**** Recorded data ****
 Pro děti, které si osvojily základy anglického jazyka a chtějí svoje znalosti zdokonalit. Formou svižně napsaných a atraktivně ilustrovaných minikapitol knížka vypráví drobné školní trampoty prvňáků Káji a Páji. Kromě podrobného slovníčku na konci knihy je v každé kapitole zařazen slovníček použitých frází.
****
**** Recorded data ****
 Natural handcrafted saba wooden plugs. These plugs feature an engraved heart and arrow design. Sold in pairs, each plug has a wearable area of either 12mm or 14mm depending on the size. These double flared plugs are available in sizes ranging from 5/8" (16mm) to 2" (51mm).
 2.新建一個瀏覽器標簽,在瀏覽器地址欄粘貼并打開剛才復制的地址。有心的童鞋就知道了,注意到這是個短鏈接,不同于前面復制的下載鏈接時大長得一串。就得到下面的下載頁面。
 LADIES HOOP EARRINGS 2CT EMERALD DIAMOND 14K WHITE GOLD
****
**Action item**
Return exactly the lines above from the line that has "2.新建一個瀏覽器標簽,在瀏" through the line that has "LADIES HOOP EARRINGS", inclusive, and nothing else.

**Task response**
 2.新建一個瀏覽器標簽,在瀏覽器地址欄粘貼并打開剛才復制的地址。有心的童鞋就知道了,注意到這是個短鏈接,不同于前面復制的下載鏈接時大長得一串。就得到下面的下載頁面。
 LADIES HOOP EARRINGS 2CT EMERALD DIAMOND 14K WHITE GOLD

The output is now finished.